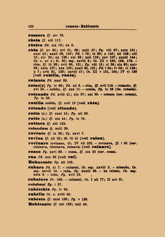 rossore If. xiv 78. ròsta If. xiii 117. ròstro Pd. xix 10; xx 9.
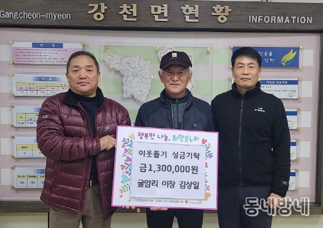 이날 전달식에서 굴암리 이장 김상일씨는 “작은 정성이지만 관내 어려운 이웃들이 추운 겨울을 따뜻하게 보내는 데 도움이 되길 바란다”며, 앞으로도 힘이 닿는 데까지 봉사를 이어가고 싶다“ 고 소감을 밝혔다.
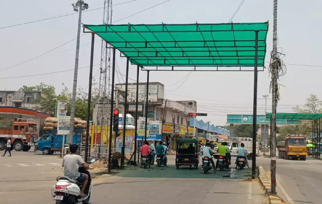 Raichur municipal body installs shade screens at traffic signals to protect commuters and traffic police from intense summer heat after public concern and media report.
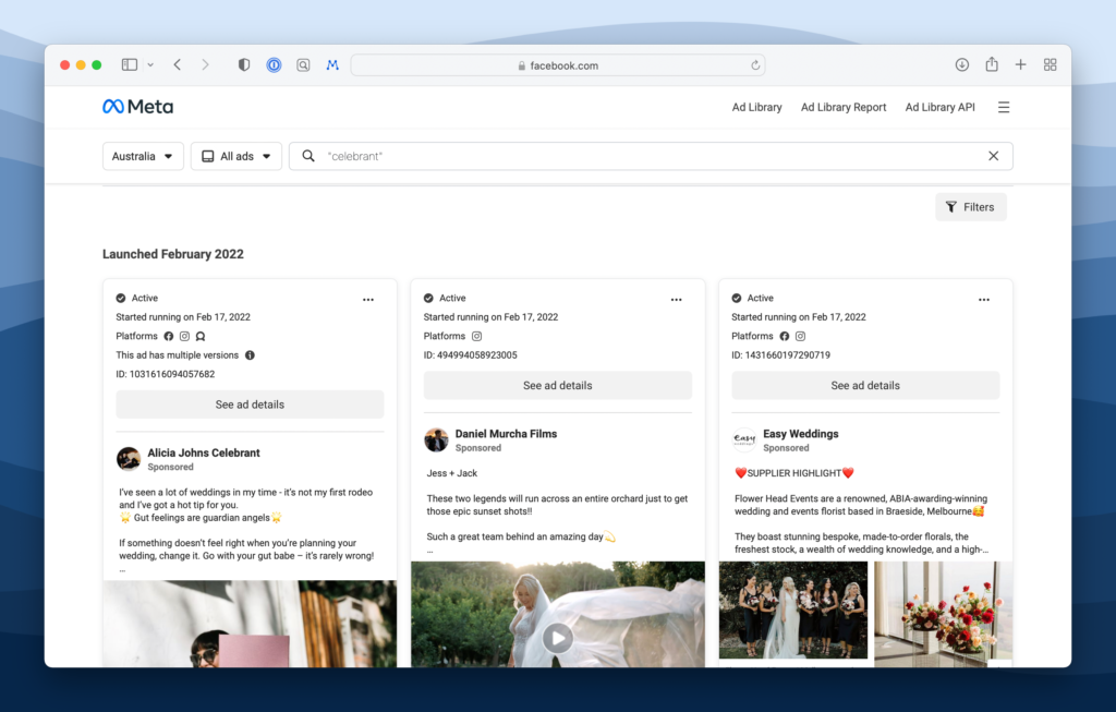 If you’ve been wanting a way to spy on what other people in the wedding industry are doing with their Facebook Ads, here’s a very easy, open, and regulated way to do so.
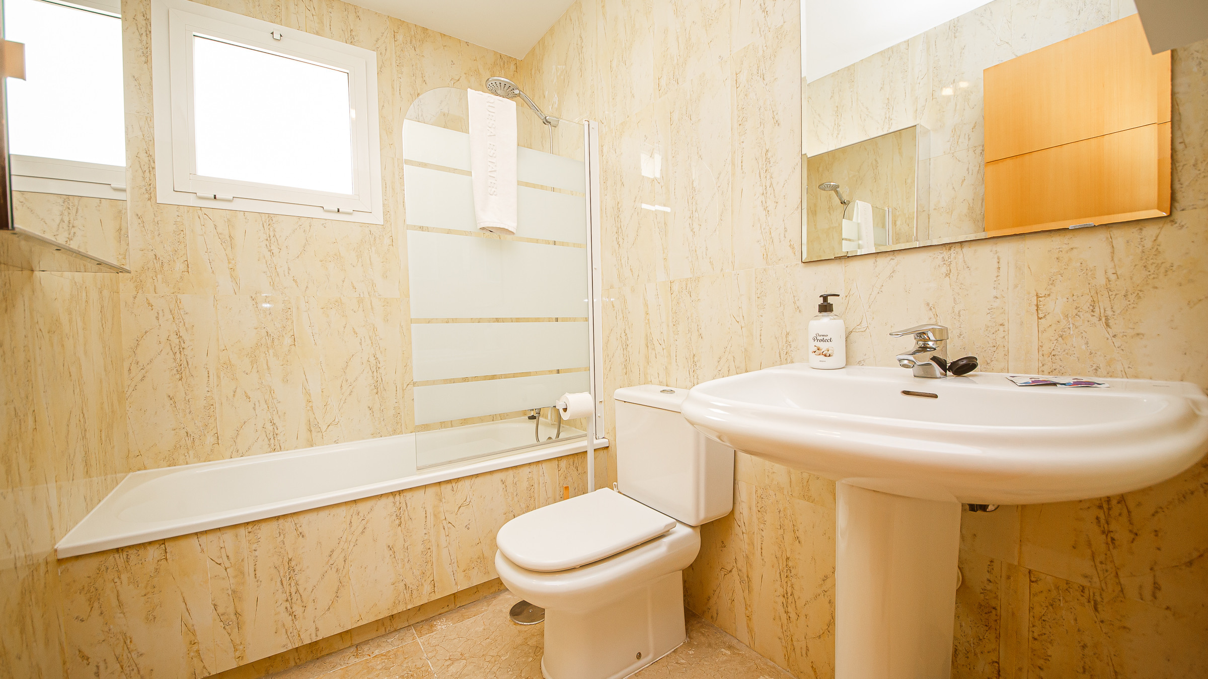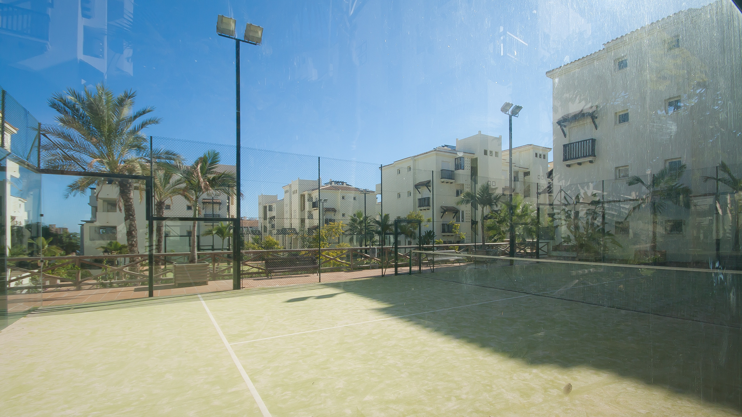 The garden with 4 pools, 2 pádel courts and the free garage space can be reached by lift. Facilities include air conditioning, terrace and free Wi-Fi access and TV. There is a living room, 2 bedrooms, a fully equipped kitchen and 2 bathrooms/WC.
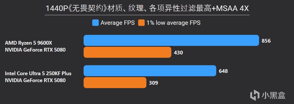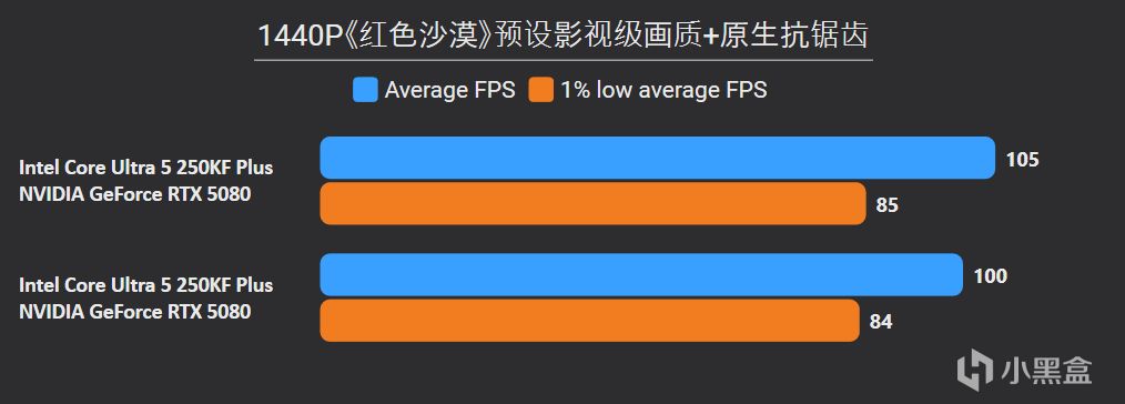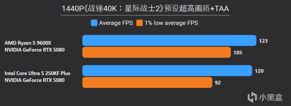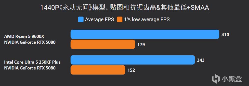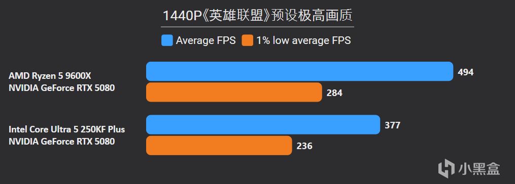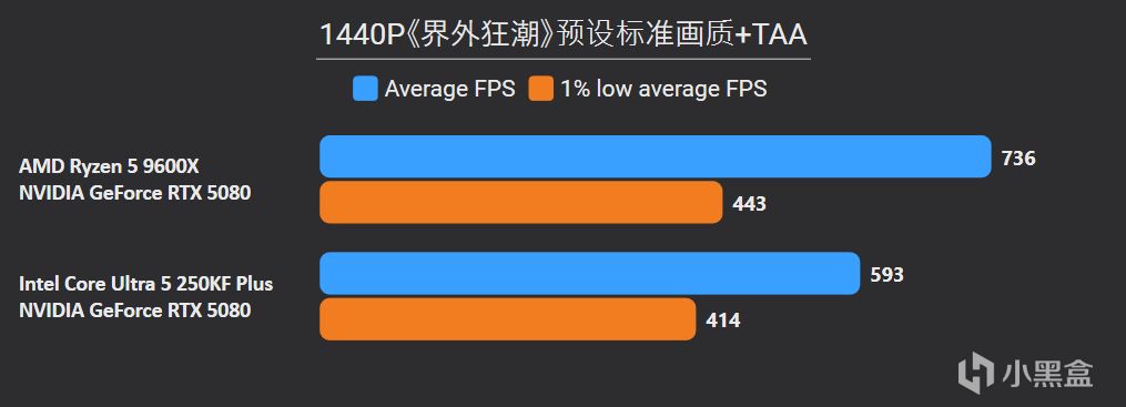 都說2K分辨率更有實際意義,結果銳龍5 9600X確實依舊壓制着Ultra 5 250KF Plus,整體平均幀領先幅度達到了10%,1% LOW幀則保持4%優勢,電競網遊項目銳龍5 9600X還是比Ultra 5 250KF Plus硬生生高一個檔次,這差距是沒法通過任何手段追平的,畢竟如果兩者都進行CPU和內存雙超,其實它們的提升幅度還是差不多的。

________________

- [WHAT TO WORK ON]: Leave every picture out and output the records exactly.

- [TASK SOLUTION]:
 rossore If. xiv 78. ròsta If. xiii 117. ròstro Pd. xix 10; xx 9.
 이날 전달식에서 굴암리 이장 김상일씨는 “작은 정성이지만 관내 어려운 이웃들이 추운 겨울을 따뜻하게 보내는 데 도움이 되길 바란다”며, 앞으로도 힘이 닿는 데까지 봉사를 이어가고 싶다“ 고 소감을 밝혔다.
 Raichur municipal body installs shade screens at traffic signals to protect commuters and traffic police from intense summer heat after public concern and media report.
 If you’ve been wanting a way to spy on what other people in the wedding industry are doing with their Facebook Ads, here’s a very easy, open, and regulated way to do so.
 The garden with 4 pools, 2 pádel courts and the free garage space can be reached by lift. Facilities include air conditioning, terrace and free Wi-Fi access and TV. There is a living room, 2 bedrooms, a fully equipped kitchen and 2 bathrooms/WC.
 都說2K分辨率更有實際意義,結果銳龍5 9600X確實依舊壓制着Ultra 5 250KF Plus,整體平均幀領先幅度達到了10%,1% LOW幀則保持4%優勢,電競網遊項目銳龍5 9600X還是比Ultra 5 250KF Plus硬生生高一個檔次,這差距是沒法通過任何手段追平的,畢竟如果兩者都進行CPU和內存雙超,其實它們的提升幅度還是差不多的。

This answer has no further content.